> ACTIVITY:
Print nothing except the lines of the listing below from the line with "Siringa in acciaio" to the line with "DC Comics Wonder", each exactly as written, both ends included.

> AVAILABLE DATA:
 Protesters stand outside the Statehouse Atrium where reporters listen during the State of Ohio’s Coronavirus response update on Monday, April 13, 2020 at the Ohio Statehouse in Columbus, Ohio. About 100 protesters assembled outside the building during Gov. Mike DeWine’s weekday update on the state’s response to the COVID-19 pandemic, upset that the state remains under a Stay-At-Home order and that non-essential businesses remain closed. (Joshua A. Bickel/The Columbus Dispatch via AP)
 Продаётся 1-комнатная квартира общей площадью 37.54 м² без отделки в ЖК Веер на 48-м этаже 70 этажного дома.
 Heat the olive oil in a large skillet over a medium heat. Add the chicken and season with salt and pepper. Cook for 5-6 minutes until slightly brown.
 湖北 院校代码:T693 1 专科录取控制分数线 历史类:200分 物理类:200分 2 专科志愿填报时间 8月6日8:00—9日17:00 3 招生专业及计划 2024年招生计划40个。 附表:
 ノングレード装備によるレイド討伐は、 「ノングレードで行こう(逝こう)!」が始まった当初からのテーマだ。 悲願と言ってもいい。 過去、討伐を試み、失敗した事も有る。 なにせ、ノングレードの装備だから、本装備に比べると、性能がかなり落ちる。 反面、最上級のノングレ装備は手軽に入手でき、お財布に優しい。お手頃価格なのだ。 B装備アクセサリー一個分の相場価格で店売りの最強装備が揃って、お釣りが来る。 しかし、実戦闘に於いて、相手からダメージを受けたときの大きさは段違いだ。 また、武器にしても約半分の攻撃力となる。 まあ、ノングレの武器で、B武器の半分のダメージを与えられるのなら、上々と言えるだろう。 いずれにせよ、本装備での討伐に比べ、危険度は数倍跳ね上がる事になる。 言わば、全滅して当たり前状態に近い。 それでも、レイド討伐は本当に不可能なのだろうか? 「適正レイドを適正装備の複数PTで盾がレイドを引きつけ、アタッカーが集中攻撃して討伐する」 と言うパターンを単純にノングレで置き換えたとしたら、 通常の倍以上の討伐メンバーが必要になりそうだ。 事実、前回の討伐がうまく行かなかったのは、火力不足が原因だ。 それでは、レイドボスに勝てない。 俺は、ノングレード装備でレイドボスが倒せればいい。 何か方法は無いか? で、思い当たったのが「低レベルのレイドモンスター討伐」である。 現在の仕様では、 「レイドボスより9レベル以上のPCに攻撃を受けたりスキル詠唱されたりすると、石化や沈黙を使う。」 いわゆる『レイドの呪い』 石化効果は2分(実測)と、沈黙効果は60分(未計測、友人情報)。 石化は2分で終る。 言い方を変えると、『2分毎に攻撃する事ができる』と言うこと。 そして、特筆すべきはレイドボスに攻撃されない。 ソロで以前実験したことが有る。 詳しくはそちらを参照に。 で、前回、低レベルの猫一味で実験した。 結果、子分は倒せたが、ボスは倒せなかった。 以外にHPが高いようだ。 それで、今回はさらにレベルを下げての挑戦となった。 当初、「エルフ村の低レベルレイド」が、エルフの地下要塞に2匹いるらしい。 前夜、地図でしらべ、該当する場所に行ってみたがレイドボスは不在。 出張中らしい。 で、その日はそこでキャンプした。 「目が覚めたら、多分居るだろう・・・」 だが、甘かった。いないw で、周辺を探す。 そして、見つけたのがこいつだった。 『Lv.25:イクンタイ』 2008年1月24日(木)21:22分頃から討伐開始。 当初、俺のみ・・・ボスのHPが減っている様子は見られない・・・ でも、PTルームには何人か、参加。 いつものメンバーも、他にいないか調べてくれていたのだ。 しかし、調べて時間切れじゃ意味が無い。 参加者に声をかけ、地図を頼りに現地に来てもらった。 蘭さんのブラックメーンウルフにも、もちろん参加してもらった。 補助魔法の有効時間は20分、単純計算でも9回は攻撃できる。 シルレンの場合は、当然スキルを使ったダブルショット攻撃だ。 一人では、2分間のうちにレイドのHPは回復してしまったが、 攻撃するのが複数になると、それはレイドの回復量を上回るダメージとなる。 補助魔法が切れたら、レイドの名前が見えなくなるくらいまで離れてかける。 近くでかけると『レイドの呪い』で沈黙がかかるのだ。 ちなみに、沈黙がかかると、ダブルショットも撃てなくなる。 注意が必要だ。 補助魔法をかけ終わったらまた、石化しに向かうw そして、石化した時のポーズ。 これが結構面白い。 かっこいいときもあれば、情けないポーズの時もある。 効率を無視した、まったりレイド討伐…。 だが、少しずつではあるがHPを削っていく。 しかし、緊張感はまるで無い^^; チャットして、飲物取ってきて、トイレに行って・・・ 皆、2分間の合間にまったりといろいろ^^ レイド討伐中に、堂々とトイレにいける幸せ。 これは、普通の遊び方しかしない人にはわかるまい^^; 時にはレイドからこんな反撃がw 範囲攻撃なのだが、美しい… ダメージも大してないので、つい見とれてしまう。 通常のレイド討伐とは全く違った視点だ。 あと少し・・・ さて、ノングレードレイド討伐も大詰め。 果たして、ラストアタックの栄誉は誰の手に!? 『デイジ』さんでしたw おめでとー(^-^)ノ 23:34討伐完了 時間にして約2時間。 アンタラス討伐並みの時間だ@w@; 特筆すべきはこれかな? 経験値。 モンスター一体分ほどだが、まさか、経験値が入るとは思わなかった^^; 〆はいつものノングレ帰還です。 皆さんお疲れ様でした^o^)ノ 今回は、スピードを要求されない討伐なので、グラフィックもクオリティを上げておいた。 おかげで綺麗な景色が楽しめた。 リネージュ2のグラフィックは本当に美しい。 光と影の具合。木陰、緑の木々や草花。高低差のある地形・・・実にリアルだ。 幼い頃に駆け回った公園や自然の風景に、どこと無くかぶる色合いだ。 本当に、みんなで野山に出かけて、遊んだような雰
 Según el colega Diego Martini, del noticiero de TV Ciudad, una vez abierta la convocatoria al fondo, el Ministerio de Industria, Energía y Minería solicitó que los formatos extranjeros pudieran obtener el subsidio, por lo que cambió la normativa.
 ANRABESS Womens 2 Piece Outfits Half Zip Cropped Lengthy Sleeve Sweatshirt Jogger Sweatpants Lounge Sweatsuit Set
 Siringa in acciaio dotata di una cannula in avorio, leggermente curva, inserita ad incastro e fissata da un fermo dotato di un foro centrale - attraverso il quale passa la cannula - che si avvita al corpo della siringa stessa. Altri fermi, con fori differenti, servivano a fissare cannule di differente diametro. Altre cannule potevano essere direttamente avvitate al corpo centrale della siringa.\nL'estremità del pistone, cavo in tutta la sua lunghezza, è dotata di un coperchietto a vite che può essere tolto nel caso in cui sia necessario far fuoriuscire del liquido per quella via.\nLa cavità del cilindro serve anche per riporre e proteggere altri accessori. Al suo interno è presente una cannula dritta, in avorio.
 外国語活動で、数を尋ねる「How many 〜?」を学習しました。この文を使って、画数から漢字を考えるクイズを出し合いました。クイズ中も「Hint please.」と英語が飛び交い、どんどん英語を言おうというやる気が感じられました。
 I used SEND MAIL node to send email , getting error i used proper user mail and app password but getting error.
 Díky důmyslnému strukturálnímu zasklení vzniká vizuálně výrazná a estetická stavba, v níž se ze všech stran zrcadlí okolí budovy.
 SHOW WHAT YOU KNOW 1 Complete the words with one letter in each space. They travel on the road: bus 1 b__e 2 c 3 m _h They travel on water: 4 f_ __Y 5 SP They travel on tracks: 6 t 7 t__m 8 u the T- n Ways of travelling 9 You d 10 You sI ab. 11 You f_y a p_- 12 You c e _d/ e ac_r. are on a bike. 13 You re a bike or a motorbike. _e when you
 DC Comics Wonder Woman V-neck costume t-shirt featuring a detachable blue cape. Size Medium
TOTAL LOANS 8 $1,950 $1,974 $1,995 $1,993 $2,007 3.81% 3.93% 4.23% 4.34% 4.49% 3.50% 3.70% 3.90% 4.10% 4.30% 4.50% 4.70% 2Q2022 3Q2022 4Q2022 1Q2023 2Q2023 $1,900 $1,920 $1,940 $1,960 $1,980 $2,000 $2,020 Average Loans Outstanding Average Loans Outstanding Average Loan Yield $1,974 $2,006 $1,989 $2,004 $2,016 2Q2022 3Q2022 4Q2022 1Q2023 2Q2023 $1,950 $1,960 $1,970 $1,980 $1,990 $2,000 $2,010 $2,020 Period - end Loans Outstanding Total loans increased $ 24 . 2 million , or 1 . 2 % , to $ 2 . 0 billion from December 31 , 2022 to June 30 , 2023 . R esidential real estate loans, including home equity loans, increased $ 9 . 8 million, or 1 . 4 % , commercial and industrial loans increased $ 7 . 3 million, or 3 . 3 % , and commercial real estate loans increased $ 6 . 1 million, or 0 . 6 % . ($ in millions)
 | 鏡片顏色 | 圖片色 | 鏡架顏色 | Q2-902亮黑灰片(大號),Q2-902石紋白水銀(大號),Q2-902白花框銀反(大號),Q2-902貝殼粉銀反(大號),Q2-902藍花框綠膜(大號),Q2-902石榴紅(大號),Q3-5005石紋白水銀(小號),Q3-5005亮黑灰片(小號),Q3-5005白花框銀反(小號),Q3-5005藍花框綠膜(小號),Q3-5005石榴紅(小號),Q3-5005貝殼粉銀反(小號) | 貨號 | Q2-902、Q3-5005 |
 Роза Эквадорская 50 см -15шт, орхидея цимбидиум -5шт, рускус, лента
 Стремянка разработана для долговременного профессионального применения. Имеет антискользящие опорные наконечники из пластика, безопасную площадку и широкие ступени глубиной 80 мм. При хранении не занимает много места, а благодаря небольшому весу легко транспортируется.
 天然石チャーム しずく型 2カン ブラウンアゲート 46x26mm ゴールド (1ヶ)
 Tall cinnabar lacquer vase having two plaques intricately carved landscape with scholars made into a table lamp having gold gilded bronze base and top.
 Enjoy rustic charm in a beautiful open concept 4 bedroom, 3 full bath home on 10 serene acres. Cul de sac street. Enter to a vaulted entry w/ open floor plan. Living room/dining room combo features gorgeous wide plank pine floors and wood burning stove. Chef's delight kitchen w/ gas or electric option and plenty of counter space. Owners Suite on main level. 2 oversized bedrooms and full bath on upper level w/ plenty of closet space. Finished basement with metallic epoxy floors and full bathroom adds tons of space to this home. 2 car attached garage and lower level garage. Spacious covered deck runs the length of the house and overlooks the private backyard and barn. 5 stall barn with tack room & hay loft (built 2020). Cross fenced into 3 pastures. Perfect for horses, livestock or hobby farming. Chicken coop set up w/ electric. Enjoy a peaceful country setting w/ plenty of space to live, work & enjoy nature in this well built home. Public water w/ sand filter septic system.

> RESPONSE TO THIS TASK:
 Siringa in acciaio dotata di una cannula in avorio, leggermente curva, inserita ad incastro e fissata da un fermo dotato di un foro centrale - attraverso il quale passa la cannula - che si avvita al corpo della siringa stessa. Altri fermi, con fori differenti, servivano a fissare cannule di differente diametro. Altre cannule potevano essere direttamente avvitate al corpo centrale della siringa.\nL'estremità del pistone, cavo in tutta la sua lunghezza, è dotata di un coperchietto a vite che può essere tolto nel caso in cui sia necessario far fuoriuscire del liquido per quella via.\nLa cavità del cilindro serve anche per riporre e proteggere altri accessori. Al suo interno è presente una cannula dritta, in avorio.
 外国語活動で、数を尋ねる「How many 〜?」を学習しました。この文を使って、画数から漢字を考えるクイズを出し合いました。クイズ中も「Hint please.」と英語が飛び交い、どんどん英語を言おうというやる気が感じられました。
 I used SEND MAIL node to send email , getting error i used proper user mail and app password but getting error.
 Díky důmyslnému strukturálnímu zasklení vzniká vizuálně výrazná a estetická stavba, v níž se ze všech stran zrcadlí okolí budovy.
 SHOW WHAT YOU KNOW 1 Complete the words with one letter in each space. They travel on the road: bus 1 b__e 2 c 3 m _h They travel on water: 4 f_ __Y 5 SP They travel on tracks: 6 t 7 t__m 8 u the T- n Ways of travelling 9 You d 10 You sI ab. 11 You f_y a p_- 12 You c e _d/ e ac_r. are on a bike. 13 You re a bike or a motorbike. _e when you
 DC Comics Wonder Woman V-neck costume t-shirt featuring a detachable blue cape. Size Medium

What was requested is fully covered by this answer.